My recent short story ghost story thing, I knew up front what would happen, who would die, and how. I wasn't overly attached, even though it was something I've worked on for ages, but I did tear up a bit at her parents' reaction (mostly cut out upon editing)... But then, I've got another story where a girl is reliving her mother's death and the following changes in her childhood, and that made me cry while writing... and again while re-reading. And another one makes me cry when I read it, though I didn't tear up while writing it. I think it happens, it's perfectly ok, and you work on the parts you can make yourself work on as you are able. The characters become real to us. We lose a friend, in a way, when we allow them to die. I phrase it that way because I don't ever really feel I'm in control of my stories... I just write them out as they play out. My characters kind of do what they want... And I don't always approve of their actions, but they do what they do and that's that.

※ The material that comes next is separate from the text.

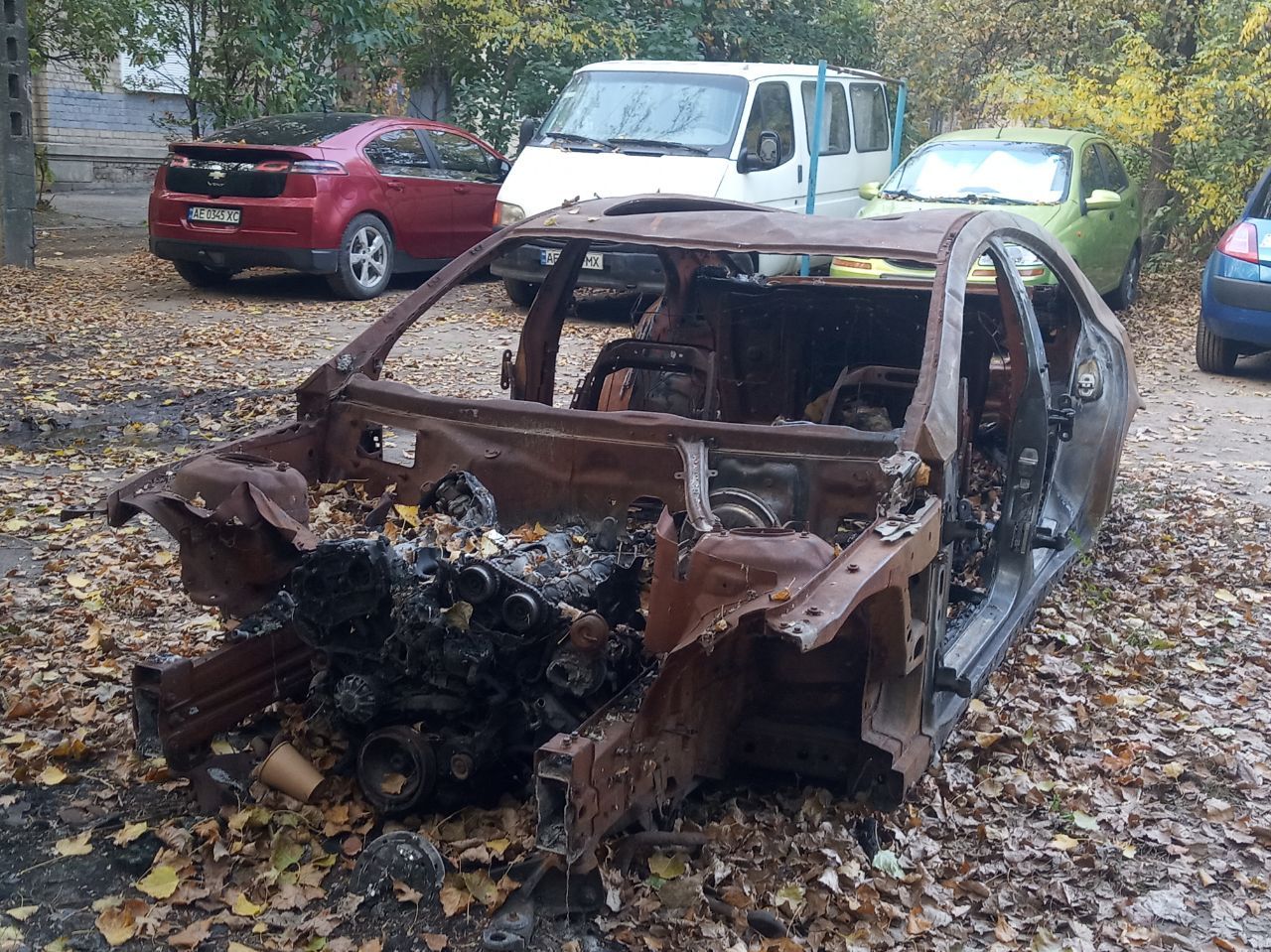 Згоріле авто стоїть посеред двору в середмісті Дніпра.

Lol that's kind of funny, but it depends on the perspective of the individual. What's crazy for one is normal for another. I guess you got attached, and got emotional about it. Nothing wrong with that.
Yes! Bawl! The muses have taken you close to the peak of your literary mount Olympus. At the end of the day, that's what really matters --that you 'felt' your own work so deeply. It is actually now that your work comes alive and begins to pulsate --breathe. It has connected with and taken something deep from within you. Now, let your readers be touched by the glow --in their own ways. If you can re-read your work in five ... ten years and still so deeply feel it, then you've achieved something monumental --regardless of critical quality. Cry on!

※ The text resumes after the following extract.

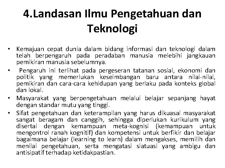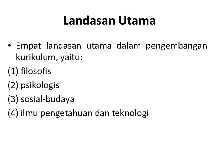Dan 4 ilmu pengetahuan dan teknologiUntuk lebih jelasnya di bawah ini akan diuraikan secara ringkas keempat landasan tersebut. Landasan pengembangan kurikulum memiliki peranan yang sangat signifikan sehingga apabila kurikulum diibaratkan sebagai sebuah bangunan gedung atau rumah yang tidak menggunakan landasan atau pondasi yang kuat maka ketika diterpa angin atau terjadi goncangan yang kencang bangunan tersebut akan mudah roboh. Dan 4 ilmu pengetahuan dan teknologiUntuk lebih jelasnya di bawah ini diuraikan secara ringkas keempat landasan tersebut.

Thanks I still get emotional when I think about this...... it was hard and still is, I can't even seem to get into a mood to write again and continue the burial ceramony.....It will kill me to see her lover at the ceramony in tears...... Also, if Sazi gets there, he will probably kill himself, he could't bare life without her! So then I'm going to be crying all over again and if he doesn't kill himself, Yami probably will cause he is really mean and will kill anyone in his path! Or would Sazi just gve up his battle and walk away? The whole point of the battle was to gather an army to help save Ounau.
Yes. If this main character is your main character, yes. This person like becomes your baby. Not in a weird way of course.
Yeah, if you're a pansy. J/K I bawled for like a half an hour over killing one of my characters. I was so upset, I rewrote the whole second half of the book so she was still alive. Killed off her mom though, and I don't feel too bad about that.
I don't cry, but I do get angry when a character I really is killed off. Of course that rage fuels all the other characters in their responding actions.